April 13, 2008 at 12:57 am
So, you actually did some searching on the thing we were farting about, I still can’t believe our insti-managed stuff is this bad, I mean 11 days is too less. Are you sure about that?
April 13, 2008 at 1:09 am
Logged in and checked.
April 17, 2008 at 9:09 pm
Kumar forwarded a mail from Prof. P. Sriram.

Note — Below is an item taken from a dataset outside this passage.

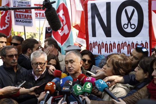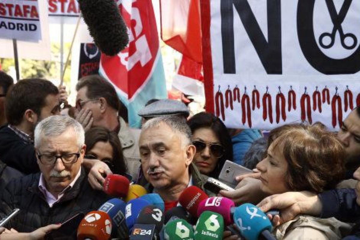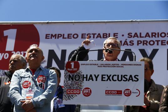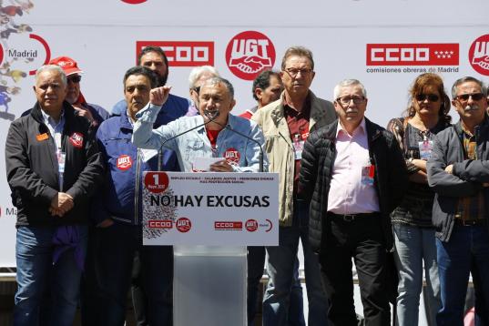 Los líderes sindicales han puesto de relieve esta idea durante los discursos con los que han cerrado en la Puerta del Sol la manifestación convocada en Madrid, bajo el lema "No hay excusas. A la calle", con motivo del 1 de mayo, y a la que han asistido unas 12.000 personas, según la delegación de Gobierno y 50.000 según los sindicatos.

Some servers including the SMail server were experiencing hardware failures very frequently - and he and Mr. Sreekumar from th CC could not trace the cause - the cooling was fine and so was the power. They have relocated the servers now, and the servers are up again. I might’ve been unfairly harsh on the CC in the post, but that is not true - despite his busy schedule Prof. Sriram replies to our email
April 23, 2008 at 8:33 am
Dear Akarsh,
Thanks for your kind comments on the Physics DCF server. We did make an effort to be independent of the CC though there are things which still remain beyond our control (nameservers, campus networking). I am personally not big on huge uptimes on machines — my experience has been that, if and when it crashes, there tends to be serious (usually hardware) problems. The research scholars are thrilled to get uptimes of the order of a year or so for the servers while I recommend that we reboot, run file system checks etc, at the very least, once in three months.
Suresh
April 23, 2008 at 9:14 am
Dear Sir,
Any particular reason for rebooting? Probably we could schedule the filesystem checkers using cron, to run once every day or something of that sort. What kind of hardware problems are normally encountered - i.e., are they disk failures, motherboard failures etc? How does long uptime cause this?